Case No. 1:18-cv-575
Honorable Janet T. Neff
UNKNOWN PARTIES,
Defendants.
____________________________/
OPINION
This is a civil rights action brought by a state prisoner under 42 U.S.C. § 1983.
Under the Prison Litigation Reform Act, Pub. L. No. 104-134, 110 Stat. 1321 (1996) (PLRA), the
Court is required to dismiss any prisoner action brought under federal law if the complaint is
frivolous, malicious, fails to state a claim upon which relief can be granted, or seeks monetary
relief from a defendant immune from such relief. 28 U.S.C. §§ 1915(e)(2), 1915A; 42 U.S.C.
§ 1997e(c). The Court must read Plaintiff’s pro se complaint indulgently, see Haines v. Kerner,
404 U.S. 519, 520 (1972), and accept Plaintiff’s allegations as true, unless they are clearly
irrational or wholly incredible. Denton v. Hernandez, 504 U.S. 25, 33 (1992). Applying these
standards, the Court will dismiss Plaintiff’s complaint for failure to state a claim.
Discussion
I.
Factual allegations
Plaintiff Tommy Lee Farr is presently incarcerated with the Michigan Department
of Corrections (MDOC) at the Baraga Correctional Facility (AMF) in Baraga County, Michigan.

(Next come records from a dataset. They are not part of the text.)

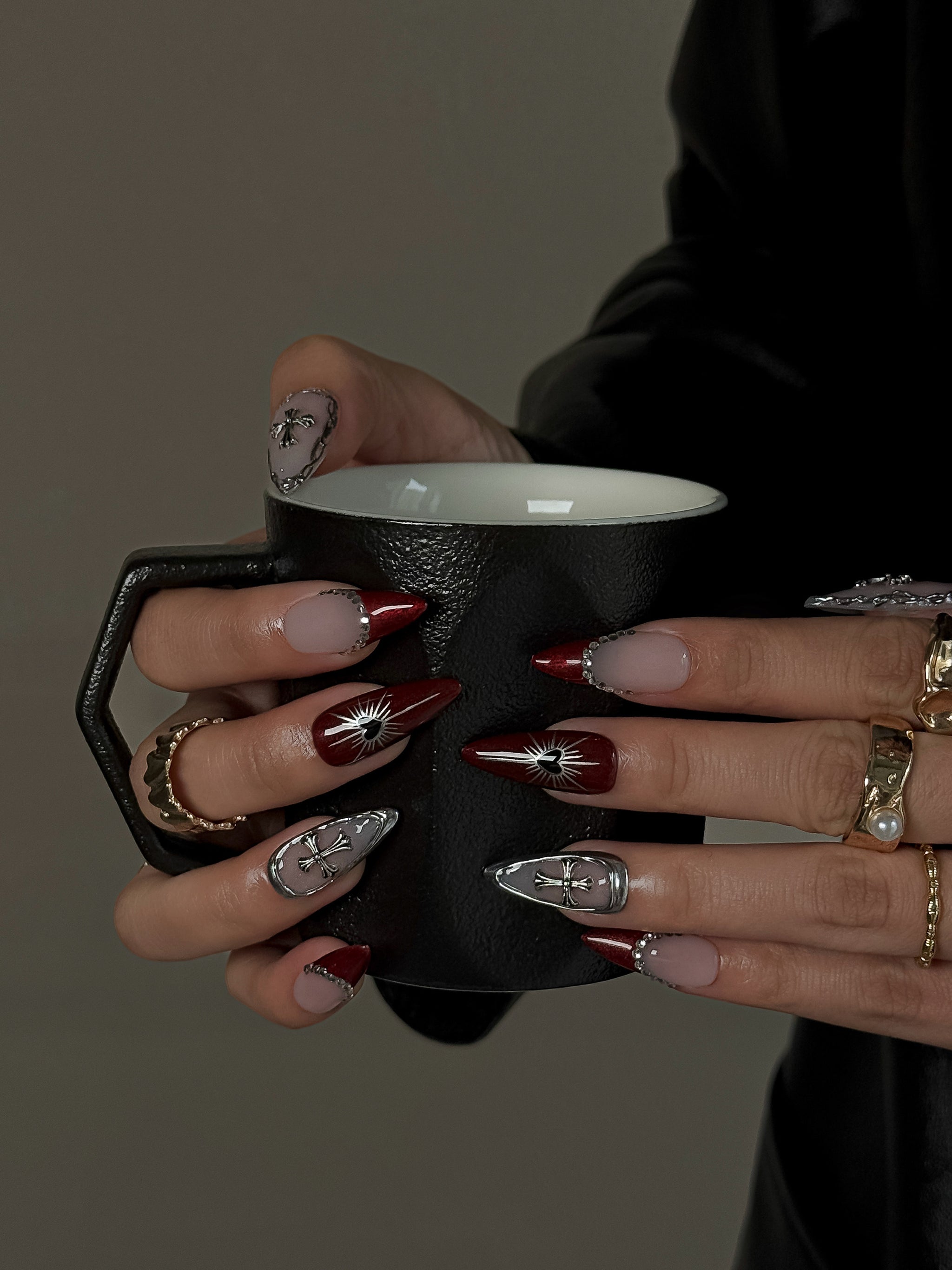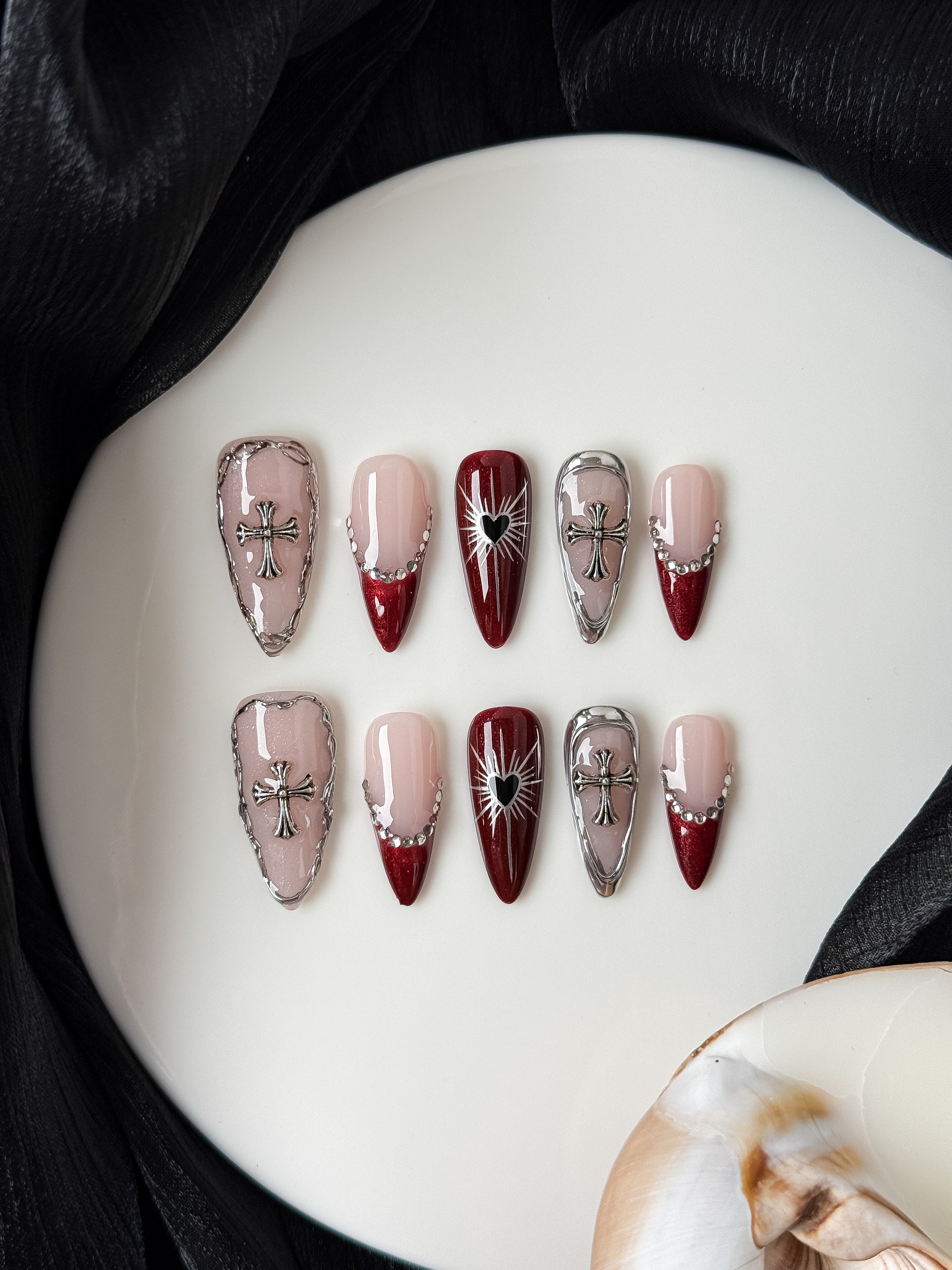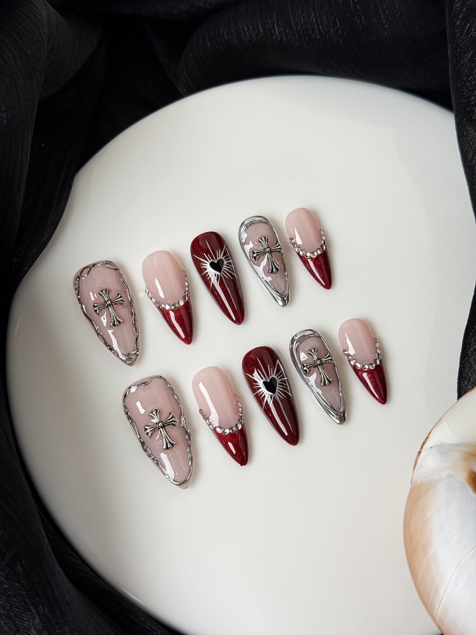 A dramatic deep crimson French set paired with soft nude tones, silver gothic crosses, and sacred heart details.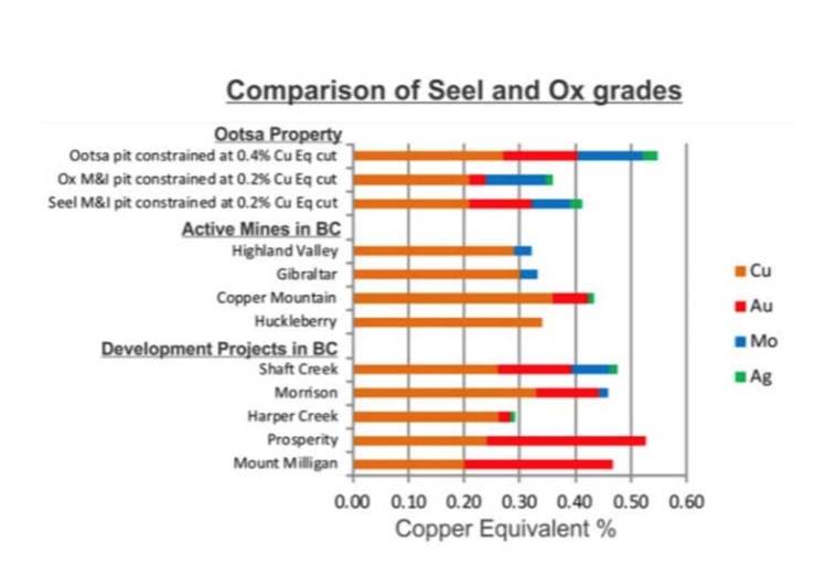 The current PEA has the potential for a 12-year mine that would produce 324 million pounds of copper, 185,000 ounces of gold, 15.8 million pounds molybdenum and 3 million ounces of silver. The report specifies a contract mining and toll milling scenario using Imperial Metals’ mill – where the Ootsa operation would produce at 20,000 tonnes a day, around the same as Huckleberry before it shut down. Historical exploration at Ootsa has seen 144,000 meters drilled, with over 350 holes punched into the low-lying topography. Three deposits – Ox, East Seel and West Seel – have been discovered.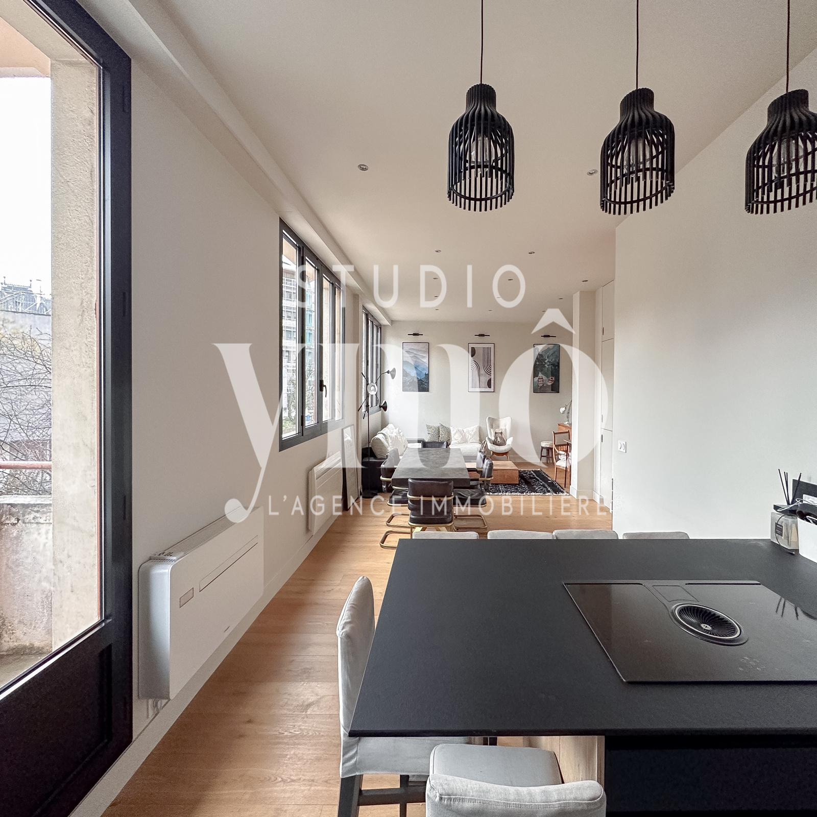 . Spacieuse pièce de vie de 45 m² avec cuisine ouverte donnant sur un balcon sans vis à vis direct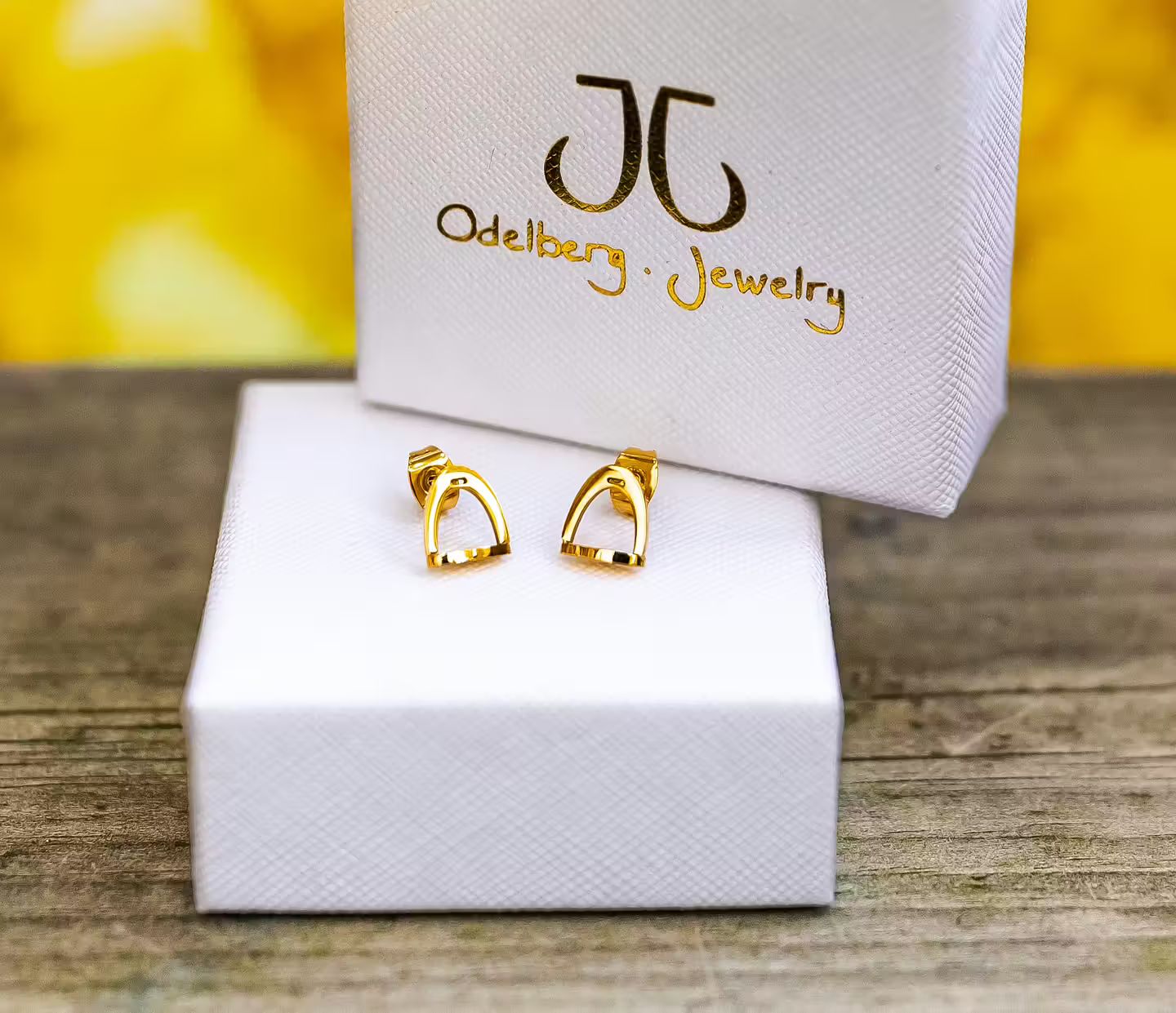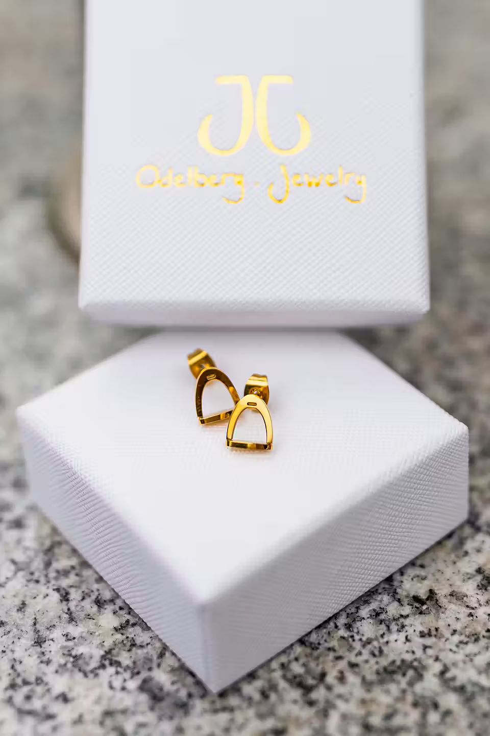 Guld - Material: guldpläterat stål. Storlek: Stigbygel ca 8x9 mm Pinne ca 10 mm Nickelfritt.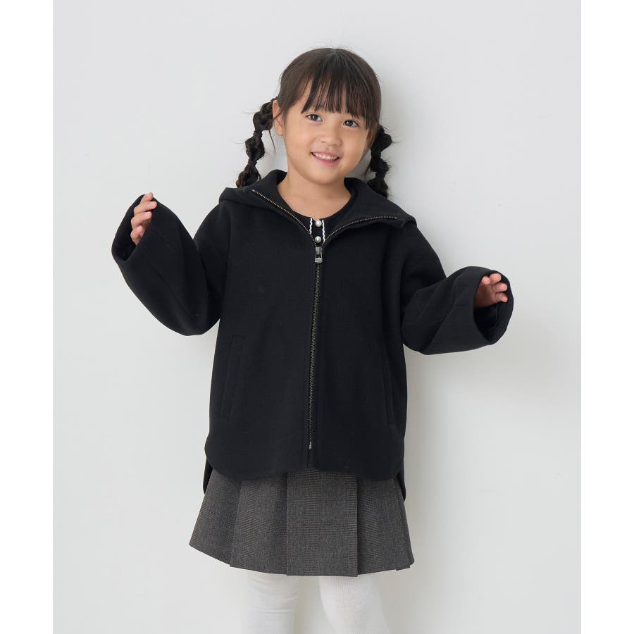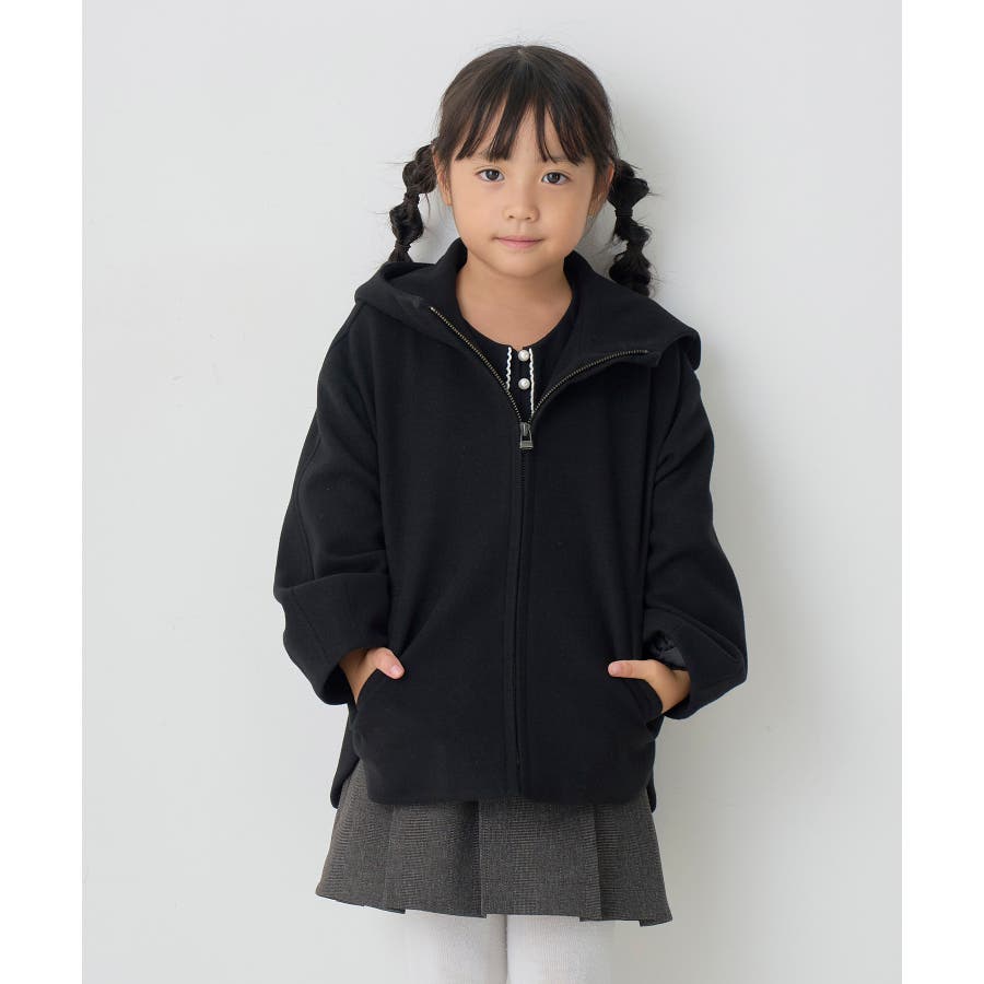 【素材感】 ・軽くて柔らかくて暖かい、ジャージーメルトンを使用したフーデッドジャケット。 【デザイン・シルエット】 ・フロントファスナーで開閉しやすく、お子様でも手軽にお着替えができる。 ・袖口タックで立体感を出した袖と、ラウンドヘムが可愛らしさをアピール。 ・便利なポケット付き。 【カラー】 ・ブラック、ライトグレーの合わせやすい2色を展開。 【スタイリングポイント】 ・軽快な着丈で、パンツにもスカートにも合わせやすい。 ・お出かけ用のきれいめコーデにもぴったり。 ・同シリーズで大人(品番:GDL54010)も展開しているので、親子お揃いもおすすめ。 ----------------------------- 裏地:あり 透け感:なし 伸縮性:なし 生地感・厚さ:厚手 ポケット:あり 季節:冬 ----------------------------- ※撮影時の光、お使いのモニター環境によって色の見え方が違う場合がございます。 ※モデル身長:113.5cm 着用サイズ:120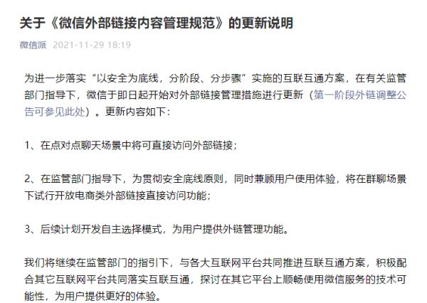 11月29日晚,微信发布公告称,即日起调整外部链接管理措施。用户在点对点聊天场景(也就是私聊窗口)中将可直接访问外链;同时将在群聊场景下,试行开放电商类外部链接直接访问功能。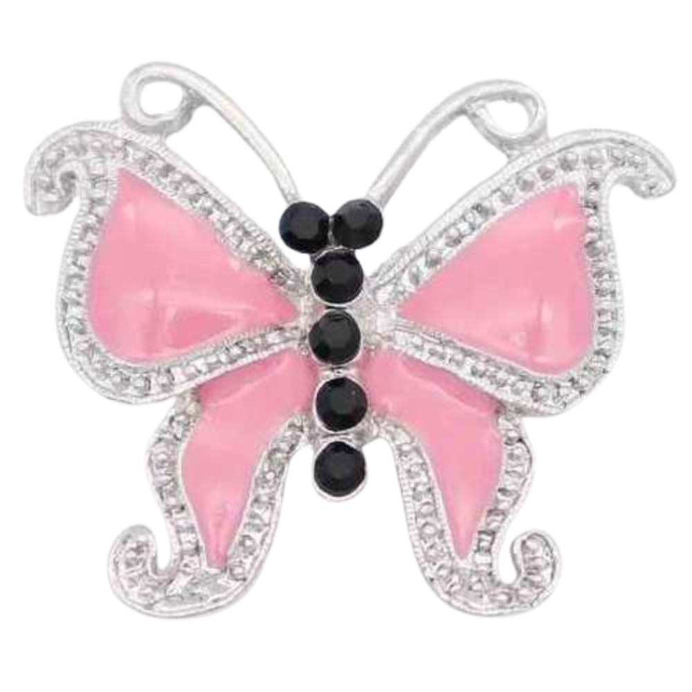A delicate butterfly snap adorned with pink and turquoise crystals and a luminous pearl center โ a graceful symbol of transformation and beauty, perfect for adding a soft sparkle to your jewelry. Measures 25mm across (fits all regular snap bases).

The events about which he complains occurred while he was incarcerated at the Earnest C. Brooks
Correctional Facility (LRF) in Muskegon County, Michigan.
Plaintiff sues five unknown
corrections officers at LRF.
Plaintiff alleges that on June 23, 2016, he received a note from another prisoner
threatening to kill him. He went to the front desk at LRF, told two of the defendants about the
note, and asked to be placed in protective custody. One of the defendants grabbed him by the
neck, pushed his hand under Plaintiff’s nose, and pushed Plaintiff’s neck backwards, making it
hard for Plaintiff to breathe. The four other defendants “attacked” Plaintiff from behind, trying to
force him down the hallway back toward his cell. When doing this, they pulled his left arm
backwards.
Plaintiff alleges that he sustained an injury to his neck and a torn rotator cuff. He
alleges that he is in constant pain in his neck and shoulder. He contends that Defendants violated
his rights under the Eighth Amendment. As relief, he seeks a declaratory judgment and damages.
II.
Failure to state a claim
A complaint may be dismissed for failure to state a claim if it fails “‘to give the
defendant fair notice of what the . . . claim is and the grounds upon which it rests.’” Bell Atl. Corp.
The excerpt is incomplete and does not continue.